Exercise goal: With the pictures left out, write out exactly the lines of the listing below that run from the line with "2024年全國中學生象棋錦標" through the line with "وقال الحسين بن".

Material provided:
☆ ☆ ☆

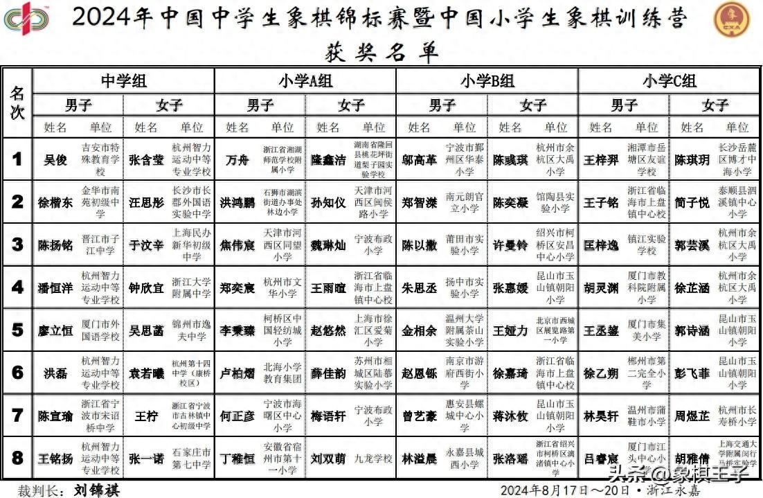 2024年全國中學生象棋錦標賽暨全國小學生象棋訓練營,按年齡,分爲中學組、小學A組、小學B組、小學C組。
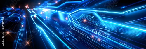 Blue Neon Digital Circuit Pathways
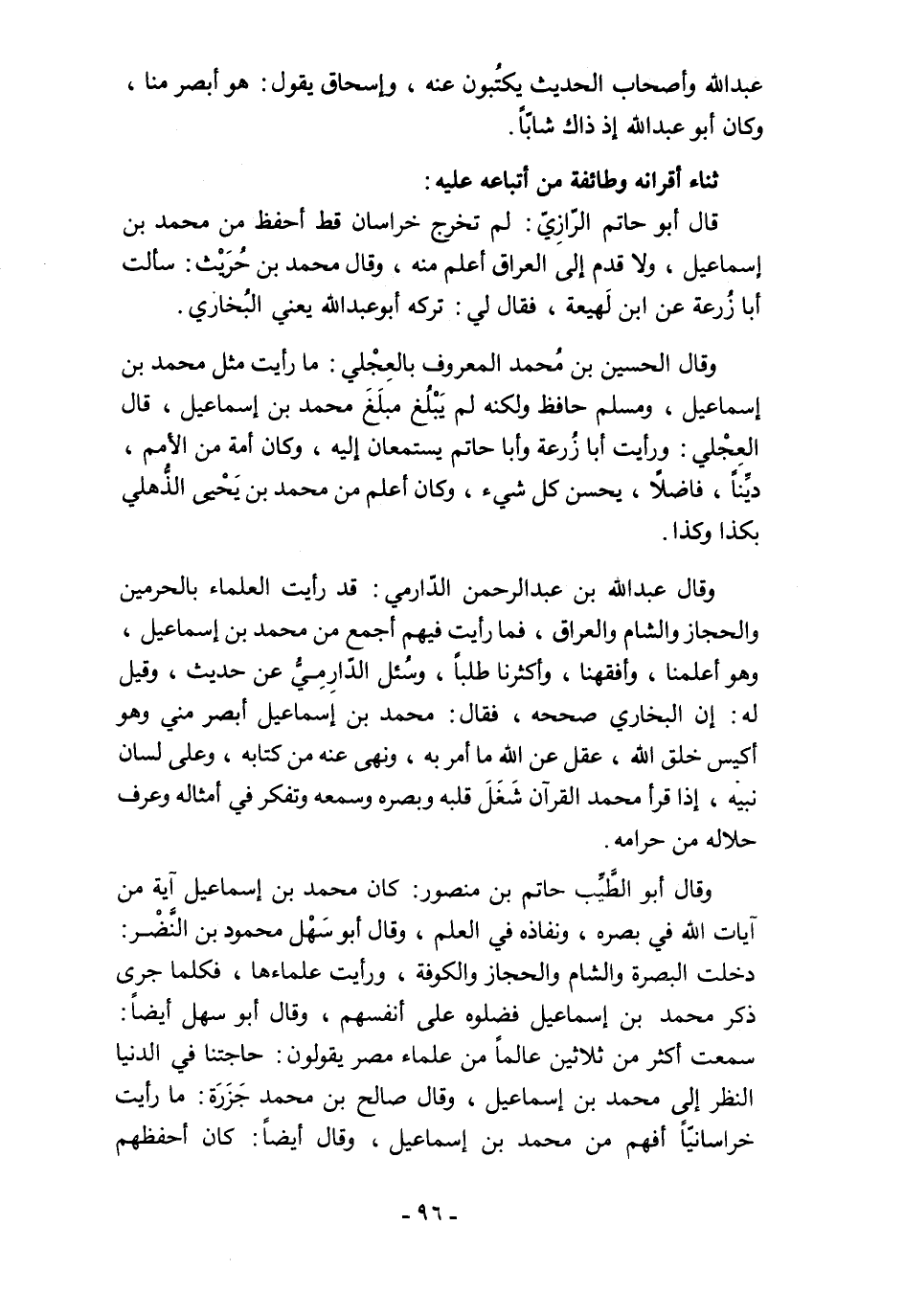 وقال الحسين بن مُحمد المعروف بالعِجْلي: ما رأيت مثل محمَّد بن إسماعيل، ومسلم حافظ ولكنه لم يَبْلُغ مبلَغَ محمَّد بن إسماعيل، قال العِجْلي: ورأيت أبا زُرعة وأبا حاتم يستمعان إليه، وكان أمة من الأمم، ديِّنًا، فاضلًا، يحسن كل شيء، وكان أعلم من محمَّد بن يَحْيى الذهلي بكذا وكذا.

☆ ☆ ☆

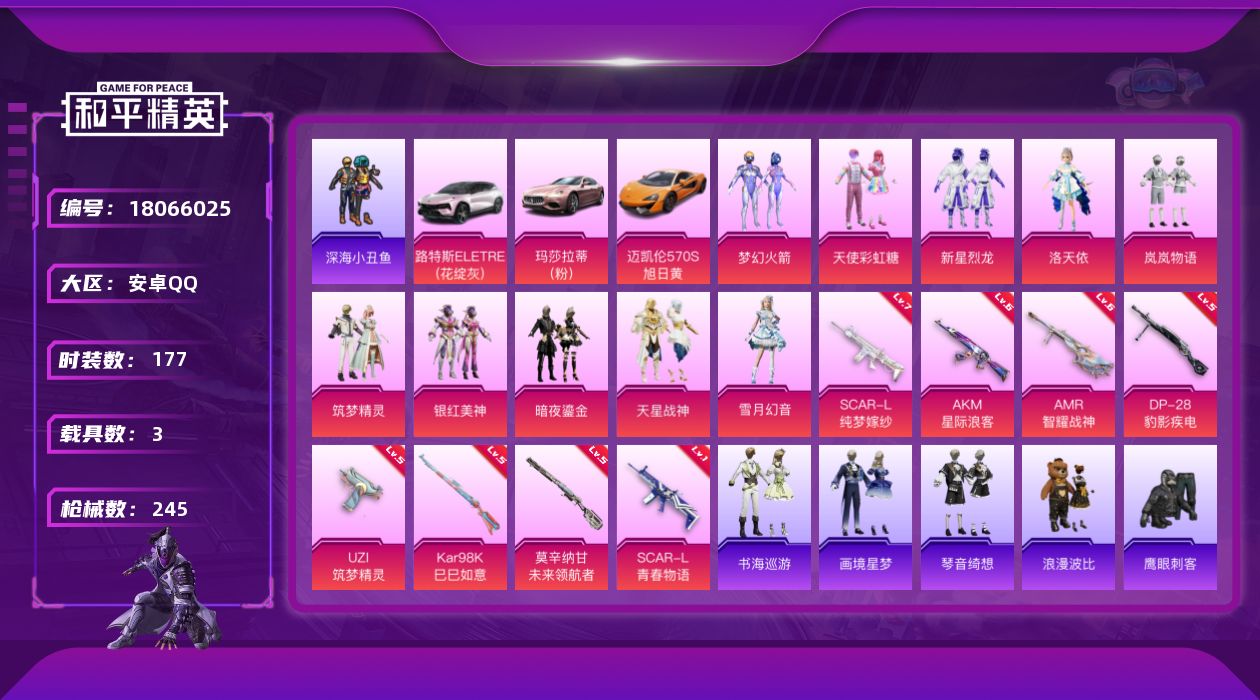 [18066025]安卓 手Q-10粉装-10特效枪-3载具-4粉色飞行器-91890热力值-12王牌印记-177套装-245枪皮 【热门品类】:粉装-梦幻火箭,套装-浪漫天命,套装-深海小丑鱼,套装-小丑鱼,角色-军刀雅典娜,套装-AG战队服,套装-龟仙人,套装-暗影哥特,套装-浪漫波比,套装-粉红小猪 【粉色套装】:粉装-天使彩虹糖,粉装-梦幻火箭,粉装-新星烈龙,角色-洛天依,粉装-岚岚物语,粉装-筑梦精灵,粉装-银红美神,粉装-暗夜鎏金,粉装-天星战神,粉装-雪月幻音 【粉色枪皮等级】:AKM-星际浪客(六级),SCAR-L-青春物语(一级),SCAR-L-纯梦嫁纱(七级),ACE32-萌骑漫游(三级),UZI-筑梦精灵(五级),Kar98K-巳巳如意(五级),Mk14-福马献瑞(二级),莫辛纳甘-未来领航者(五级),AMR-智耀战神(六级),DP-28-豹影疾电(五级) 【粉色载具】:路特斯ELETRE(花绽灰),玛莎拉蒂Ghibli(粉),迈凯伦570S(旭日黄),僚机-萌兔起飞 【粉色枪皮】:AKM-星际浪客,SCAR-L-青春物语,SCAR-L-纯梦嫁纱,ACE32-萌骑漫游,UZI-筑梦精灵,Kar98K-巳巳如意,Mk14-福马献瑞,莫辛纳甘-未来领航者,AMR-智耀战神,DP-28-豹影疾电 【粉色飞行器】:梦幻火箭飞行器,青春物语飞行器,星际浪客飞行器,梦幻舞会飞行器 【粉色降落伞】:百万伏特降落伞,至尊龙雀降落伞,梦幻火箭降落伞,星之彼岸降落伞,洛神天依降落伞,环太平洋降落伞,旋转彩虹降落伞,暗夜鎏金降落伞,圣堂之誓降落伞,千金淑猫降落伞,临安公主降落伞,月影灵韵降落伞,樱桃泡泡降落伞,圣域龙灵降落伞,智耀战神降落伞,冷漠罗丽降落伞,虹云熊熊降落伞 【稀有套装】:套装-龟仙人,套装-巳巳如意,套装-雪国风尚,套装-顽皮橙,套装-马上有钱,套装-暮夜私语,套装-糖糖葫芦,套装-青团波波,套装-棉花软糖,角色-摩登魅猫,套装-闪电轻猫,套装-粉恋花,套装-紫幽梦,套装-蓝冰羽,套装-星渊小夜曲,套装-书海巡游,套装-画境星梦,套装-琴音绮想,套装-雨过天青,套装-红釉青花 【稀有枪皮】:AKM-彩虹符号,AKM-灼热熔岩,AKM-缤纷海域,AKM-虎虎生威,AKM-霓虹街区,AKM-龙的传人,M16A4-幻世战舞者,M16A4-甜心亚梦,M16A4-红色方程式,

☆ ☆ ☆

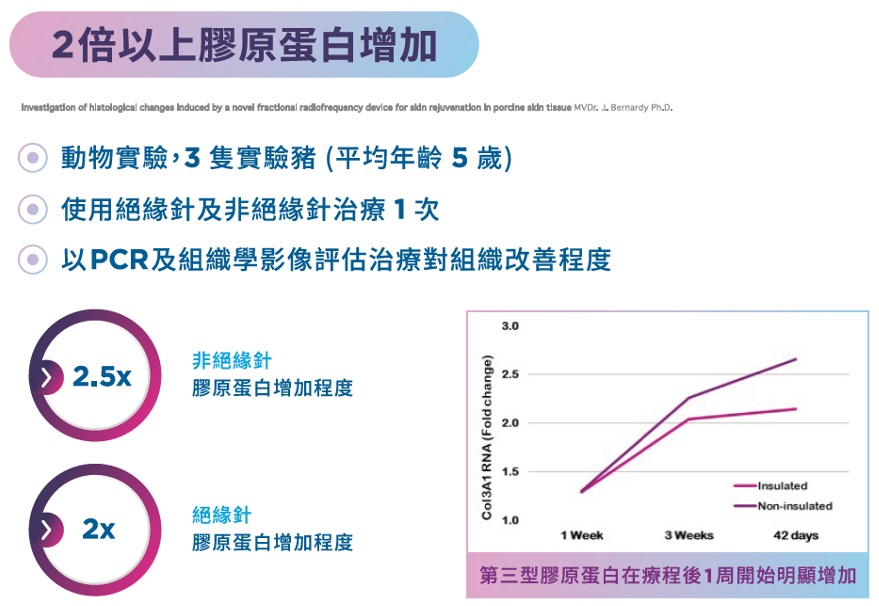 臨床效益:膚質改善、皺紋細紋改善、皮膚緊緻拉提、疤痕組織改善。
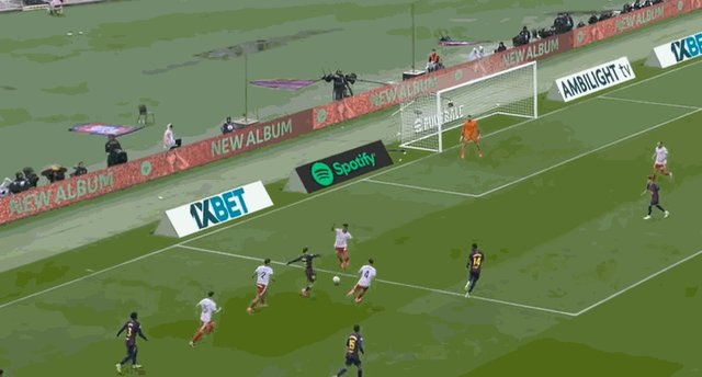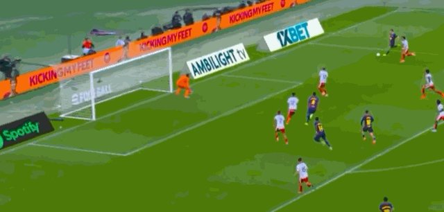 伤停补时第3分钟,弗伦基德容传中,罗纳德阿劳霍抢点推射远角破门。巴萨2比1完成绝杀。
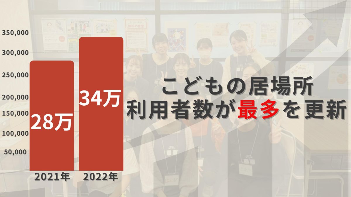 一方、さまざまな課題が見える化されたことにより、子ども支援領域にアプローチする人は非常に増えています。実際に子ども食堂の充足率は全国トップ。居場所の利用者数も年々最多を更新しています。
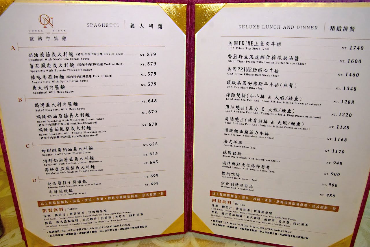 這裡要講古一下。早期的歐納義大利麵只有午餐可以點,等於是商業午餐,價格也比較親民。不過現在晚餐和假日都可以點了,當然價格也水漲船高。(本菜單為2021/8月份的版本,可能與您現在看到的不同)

☆ ☆ ☆

Task solution:
 2024年全國中學生象棋錦標賽暨全國小學生象棋訓練營,按年齡,分爲中學組、小學A組、小學B組、小學C組。
 Blue Neon Digital Circuit Pathways
 وقال الحسين بن مُحمد المعروف بالعِجْلي: ما رأيت مثل محمَّد بن إسماعيل، ومسلم حافظ ولكنه لم يَبْلُغ مبلَغَ محمَّد بن إسماعيل، قال العِجْلي: ورأيت أبا زُرعة وأبا حاتم يستمعان إليه، وكان أمة من الأمم، ديِّنًا، فاضلًا، يحسن كل شيء، وكان أعلم من محمَّد بن يَحْيى الذهلي بكذا وكذا.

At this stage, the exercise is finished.